-------- Material for this exercise
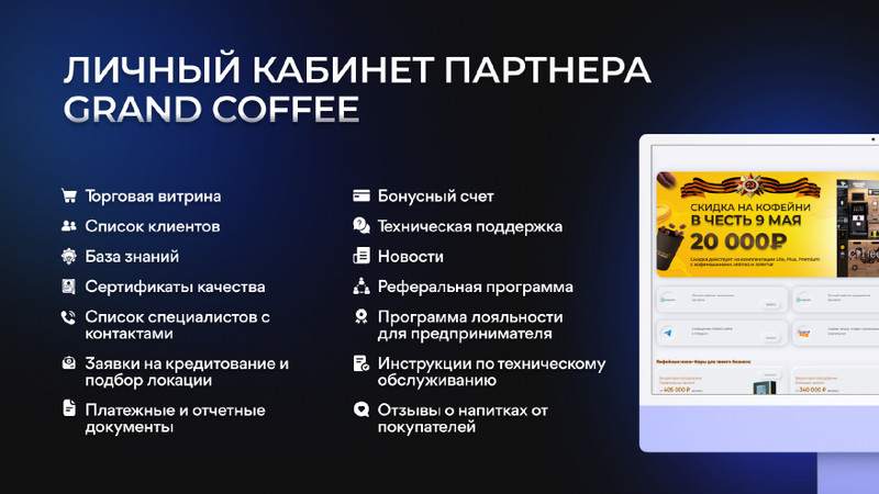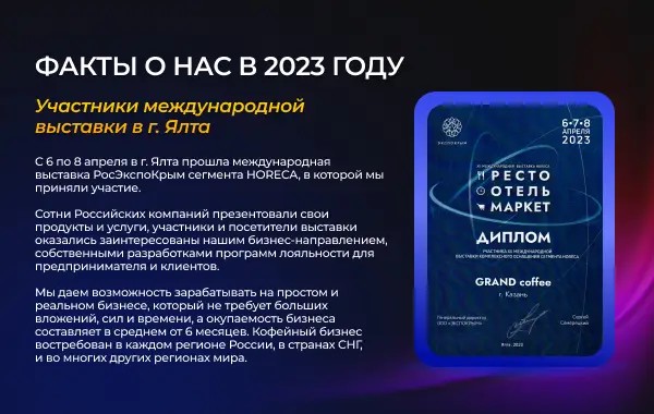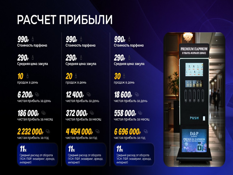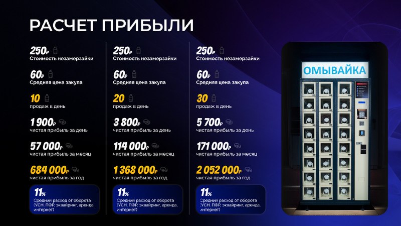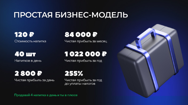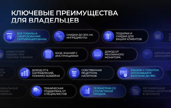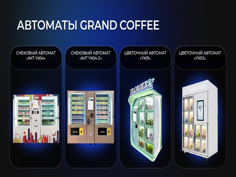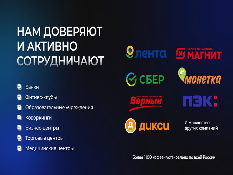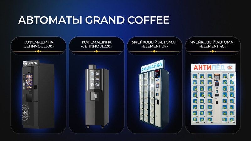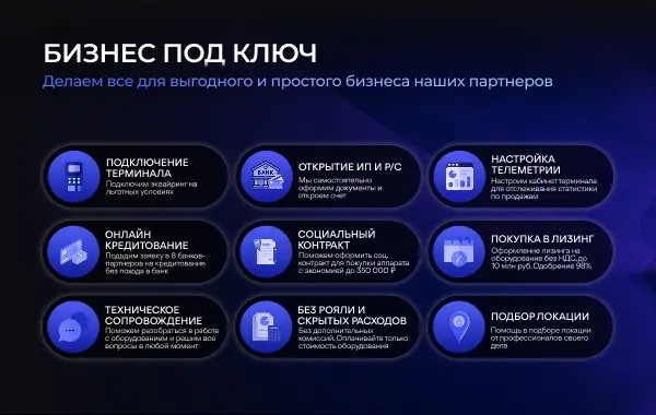 Каждый аппарат поставляется с уже настроенными рецептурами и стартовым набором товаров.
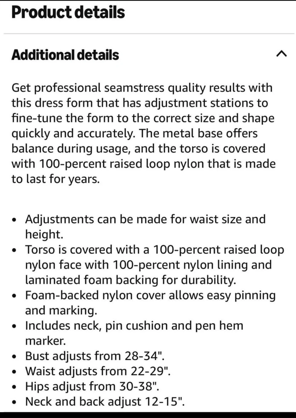 The torso is covered with 100-percent raised loop nylon that is made to last for years. Adjustments can be made for waist size and height. It also includes a neck, pin cushion and pen hem marker.
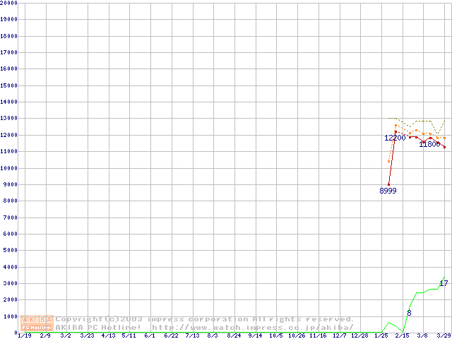 Socket A (OPGA,FSB 266MHz,L2 256KB,Thoroughbred)の最安値推移
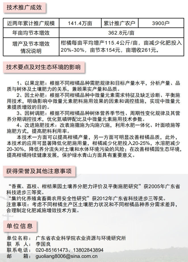 2021年农业主推技术:柑橘化肥减量增效技术
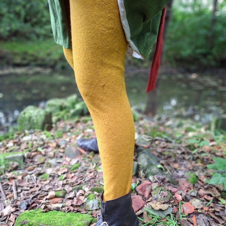 Inspiration für die Hosen habe ich mir durch viele Buchmalereien geholt, welche Arbeitende Menschen zeigen. Ich habe mich für separate Beinlinge mit angesetzten Füßling entschieden. Egal bei welche Tätigkeit auf dem Dorf, war der Anblick herunter gerollter Beinlinge fast schon der Standard. Beim häufigen Bücken stören Beinlinge nicht so arg wie die genestelten Hosen und durch das fixe herunterrollen sind auch hohe Temperaturen besser erträglich. Meine Beinlinge schließen bis hoch zum Wams und lassen nur den Schritt frei. Würde man zu der Zeit modisch absolut vorne mit dabei sein wollen, würde man natürlich zu der geschlossenen Hose wechseln.
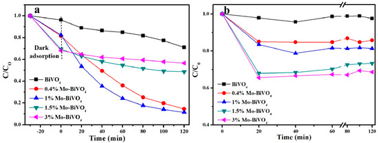 (a) Photocatalytic degradation of MB using undoped BiVO4 and different amount of Mo-doped BiVO4 under visible light (λ > 420 nm) illumination; and (b) adsorption properties of the five products above.
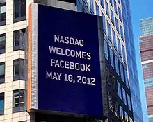 Trading in the stock, which began on May 18, was delayed that day due to technical problems with the Nasdaq exchange.[31] The stock struggled to stay above the IPO price for most of the day, forcing underwriters to buy back shares to support the price.[32] At the closing bell, shares were valued at $38.23,[33] only $0.23 above the IPO price and down $3.82 from the opening bell value. The opening was widely described by the financial press as a disappointment.[34] The stock nonetheless set a new record for trading volume of an IPO.[35] On May 25, 2012, the stock ended its first full week of trading at $31.91, a 16.5% decline.[36]
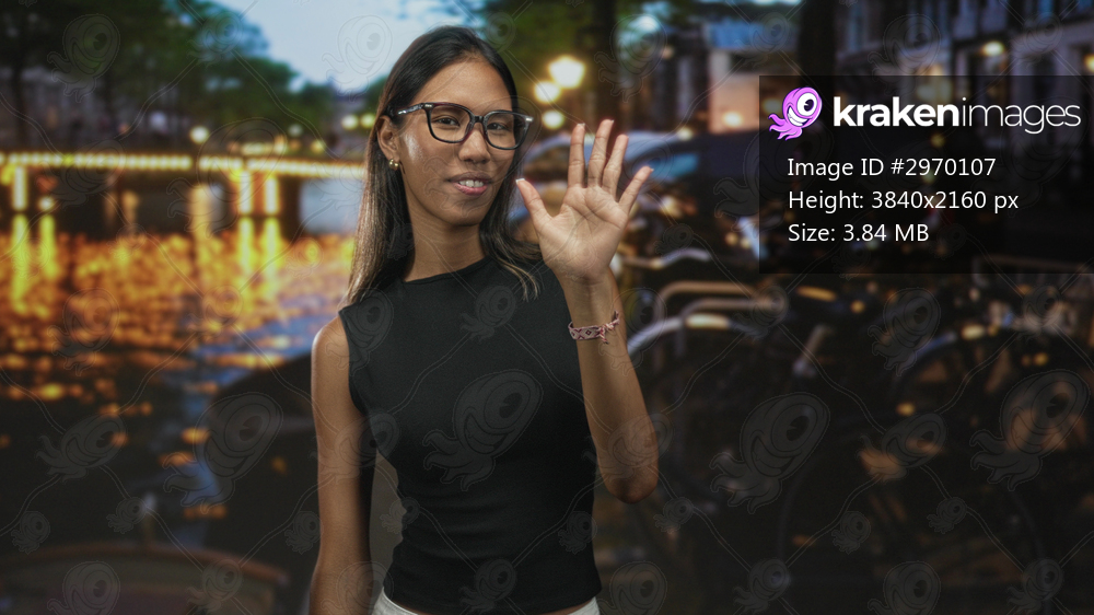 Thai woman pointing index finger with glasses by illuminated canal lights on a street at night; instructional confidence.
----------------
§ The task
With every picture removed, give the entries above again exactly.

§ The completed task
 Каждый аппарат поставляется с уже настроенными рецептурами и стартовым набором товаров.
 The torso is covered with 100-percent raised loop nylon that is made to last for years. Adjustments can be made for waist size and height. It also includes a neck, pin cushion and pen hem marker.
 Socket A (OPGA,FSB 266MHz,L2 256KB,Thoroughbred)の最安値推移
 2021年农业主推技术:柑橘化肥减量增效技术
 Inspiration für die Hosen habe ich mir durch viele Buchmalereien geholt, welche Arbeitende Menschen zeigen. Ich habe mich für separate Beinlinge mit angesetzten Füßling entschieden. Egal bei welche Tätigkeit auf dem Dorf, war der Anblick herunter gerollter Beinlinge fast schon der Standard. Beim häufigen Bücken stören Beinlinge nicht so arg wie die genestelten Hosen und durch das fixe herunterrollen sind auch hohe Temperaturen besser erträglich. Meine Beinlinge schließen bis hoch zum Wams und lassen nur den Schritt frei. Würde man zu der Zeit modisch absolut vorne mit dabei sein wollen, würde man natürlich zu der geschlossenen Hose wechseln.
 (a) Photocatalytic degradation of MB using undoped BiVO4 and different amount of Mo-doped BiVO4 under visible light (λ > 420 nm) illumination; and (b) adsorption properties of the five products above.
 Trading in the stock, which began on May 18, was delayed that day due to technical problems with the Nasdaq exchange.[31] The stock struggled to stay above the IPO price for most of the day, forcing underwriters to buy back shares to support the price.[32] At the closing bell, shares were valued at $38.23,[33] only $0.23 above the IPO price and down $3.82 from the opening bell value. The opening was widely described by the financial press as a disappointment.[34] The stock nonetheless set a new record for trading volume of an IPO.[35] On May 25, 2012, the stock ended its first full week of trading at $31.91, a 16.5% decline.[36]
 Thai woman pointing index finger with glasses by illuminated canal lights on a street at night; instructional confidence.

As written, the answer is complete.